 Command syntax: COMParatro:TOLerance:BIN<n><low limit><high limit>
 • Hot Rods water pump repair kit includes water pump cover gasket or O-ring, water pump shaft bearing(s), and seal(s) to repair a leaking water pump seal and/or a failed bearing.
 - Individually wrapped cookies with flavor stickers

==

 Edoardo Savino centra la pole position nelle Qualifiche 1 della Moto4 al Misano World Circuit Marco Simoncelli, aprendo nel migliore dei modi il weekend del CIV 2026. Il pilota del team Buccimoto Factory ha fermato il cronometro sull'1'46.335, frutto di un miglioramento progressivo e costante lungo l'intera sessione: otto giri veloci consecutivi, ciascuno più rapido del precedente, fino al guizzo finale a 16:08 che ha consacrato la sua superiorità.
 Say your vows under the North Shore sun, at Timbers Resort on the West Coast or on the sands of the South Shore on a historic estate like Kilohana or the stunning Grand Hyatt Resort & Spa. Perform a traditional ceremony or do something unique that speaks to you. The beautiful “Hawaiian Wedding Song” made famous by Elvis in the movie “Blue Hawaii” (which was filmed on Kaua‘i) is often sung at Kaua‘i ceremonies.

§ Problem: Taking the entries above, restate exactly those lines that fall between the line with "Edoardo Savino centra" and the line with "Say your vows", keeping both of those lines too.

§ Task result:
 Edoardo Savino centra la pole position nelle Qualifiche 1 della Moto4 al Misano World Circuit Marco Simoncelli, aprendo nel migliore dei modi il weekend del CIV 2026. Il pilota del team Buccimoto Factory ha fermato il cronometro sull'1'46.335, frutto di un miglioramento progressivo e costante lungo l'intera sessione: otto giri veloci consecutivi, ciascuno più rapido del precedente, fino al guizzo finale a 16:08 che ha consacrato la sua superiorità.
 Say your vows under the North Shore sun, at Timbers Resort on the West Coast or on the sands of the South Shore on a historic estate like Kilohana or the stunning Grand Hyatt Resort & Spa. Perform a traditional ceremony or do something unique that speaks to you. The beautiful “Hawaiian Wedding Song” made famous by Elvis in the movie “Blue Hawaii” (which was filmed on Kaua‘i) is often sung at Kaua‘i ceremonies.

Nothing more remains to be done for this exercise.